とりわけ、「卸売」のなかでアパレル製品を取り扱う「繊維・繊維製品・服飾品卸売」(93.8%)では9割超の企業でコスト増の負担を実感している。企業からも「急激な円安進行のため、販売先への価格転嫁が難しく仕入れ先とのコスト調整が可能かどうか交渉中」(男子服卸売)や「大手通販に衣料を卸しているが、価格転嫁が全く進まない」(婦人・子供服卸売)といった厳しい声が聞かれた。
「コスト増加」の影響以外では、消費者による「国内における買い控え」を挙げる企業や「販売価格への転嫁が進んだ」(ともに12.0%)とする企業も1割程度ある。一方、プラスの影響として、「大企業」を中心に「為替差益が発生」(5.7%)が挙げられた。また、「円安により、今後国内での販売量の大幅減少から、今秋をもって会社を解散する」(建築材料卸)といった声にあるように企業の0.6%で「事業の整理、撤退」との回答があった。
急速に進んだ円安に対して直接・間接問わずコスト増加が負担と捉えている企業は、約8割に達した。業界間で影響の濃淡がみられており、仕入れ先の値上げの影響を大きく受ける「卸売」や燃料費高騰が響く「運輸・倉庫」などでは特に悪影響となっていた。企業からのコメントにもあるように取引先からの理解を得ることが難しい点や仕入れ価格の上昇分すべてを販売価格へ転嫁できていない点など課題が多い。
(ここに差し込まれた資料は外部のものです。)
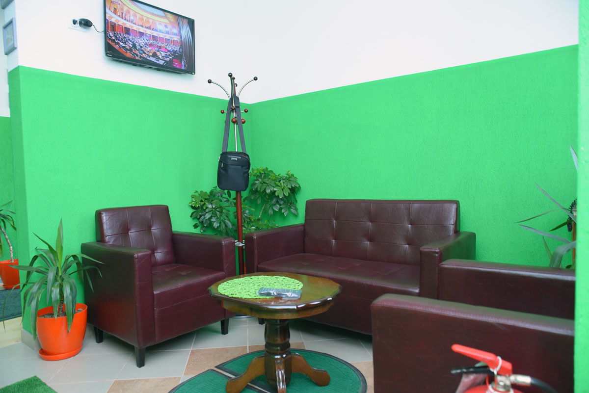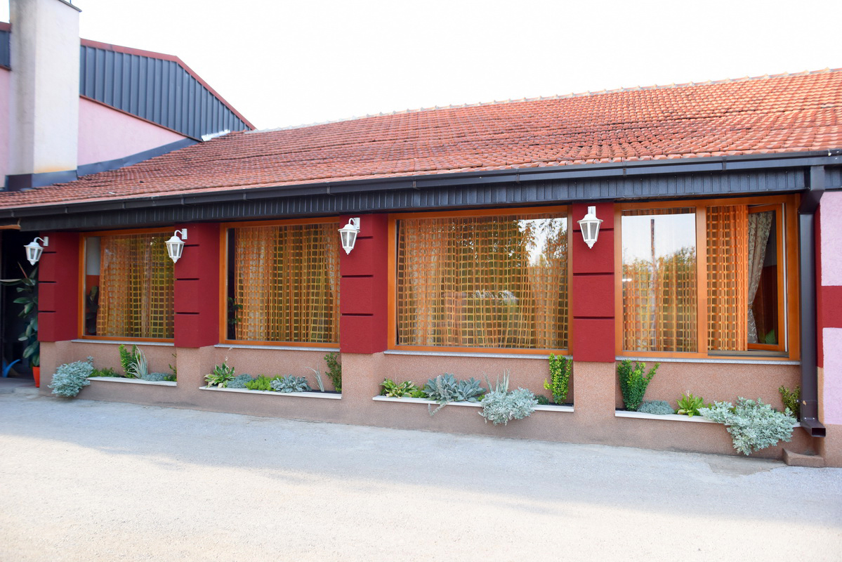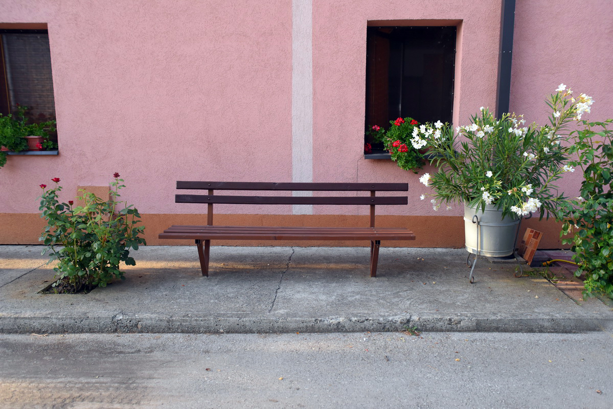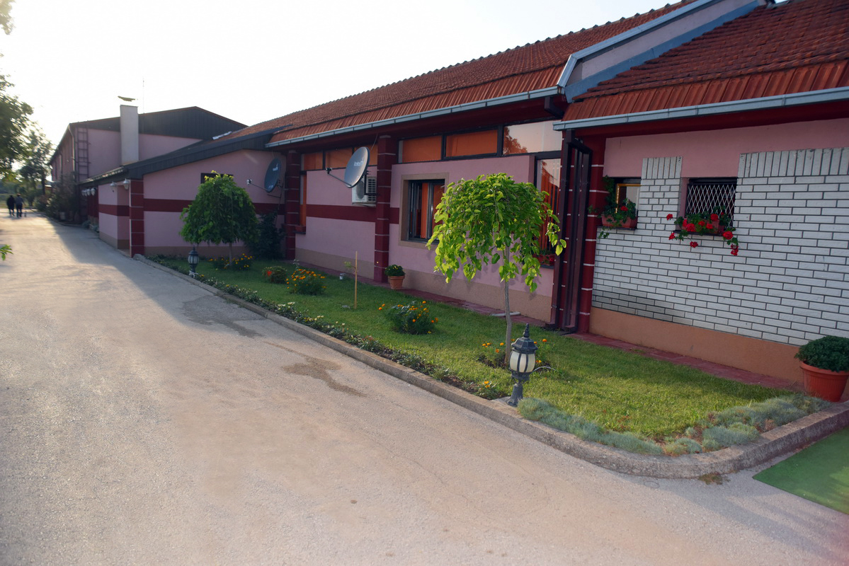 Prostrano dvorište Doma za stare „Sunčana jesen“ odlikuje se zelenilom, cvećem, fontanom, letnjikovcem i mnogim klupama za odmor.

2022年上半期、多くの企業にとって企業活動・業績へ悪影響を及ぼしていた昨今の円安だが、今後も先行き不透明感は拭えず、直接・間接問わずコストの上昇はじめ、企業を取り巻く環境には厳しさが続くとみられている。ここに来て、原油や燃料、原材料等の「物価高」による倒産が相次ぐなど、顕在化する企業収益圧迫による影響は注視していく必要があるようだ。